Related to the post from yesterday, an interesting quirk of MongoDB if you want to use it as your centralized datastore: there's a maximum document size of 16MB. That's no problem for Sciveyor as it sits, because its designed to be a database for journal articles. But if you wanted to adapt our system to something that was holding, say, OCR'ed book manuscripts, or you needed to carry the image/PDF data in your MongoDB, you'd have to figure out how to set up the GridFS layer that allows you to do that transparently.
I'm going to try to pick up an idea that I had on here before about using my Mastodon account to replace my (very!) old Advogato account. (Anybody else remember Advogato? Good times.) After thinking about that more, I decided maybe a half-hidden corner of my personal site would be a better spot. So here comes the first development post (of hopefully many?) about digital humanities.

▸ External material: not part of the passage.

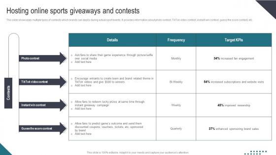 This slide showcases multiple types of contests which brands can deploy during actual sport events. It provides information about photo contest, TikTok video contest, instant win contest, guess the score contest, etc. If your project calls for a presentation, then Slidegeeks is your go-to partner because we have professionally designed, easy-to-edit templates that are perfect for any presentation. After downloading, you can easily edit Hosting Online Sports Giveaways And Contests Athletic Activities Advertising Program Themes Pdf and make the changes accordingly. You can rearrange slides or fill them with different images. Check out all the handy templates This slide showcases multiple types of contests which brands can deploy during actual sport events. It provides information about photo contest, TikTok video contest, instant win contest, guess the score contest, etc.
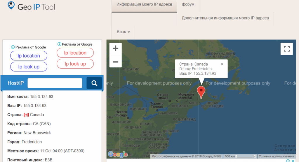 Geoiptool.comВ отличии от остальных сервисов, на этом отображается сразу карта Google с данными. Есть удобная раскладка с выбором языка.

So first, for those of you who don't know me from a programming perspective, I'm the head developer on the project formerly known as RLetters and evoText, now known as Sciveyor. (More on this again later, but I got tired of the software and the main instance of the software having a different name.) It's a system for performing textual analysis on journal articles. We've been built around Ruby/Rails + Solr for about a decade now. That's all slowly changing, but that's a story for future posts.
Now, we've had real data integration problems in the project over the years. The "central data store" was XML files on my NAS. That's cool and all for long-term archiving (and it works for feeding stuff into Solr), but it sucks for long-term project maintenance.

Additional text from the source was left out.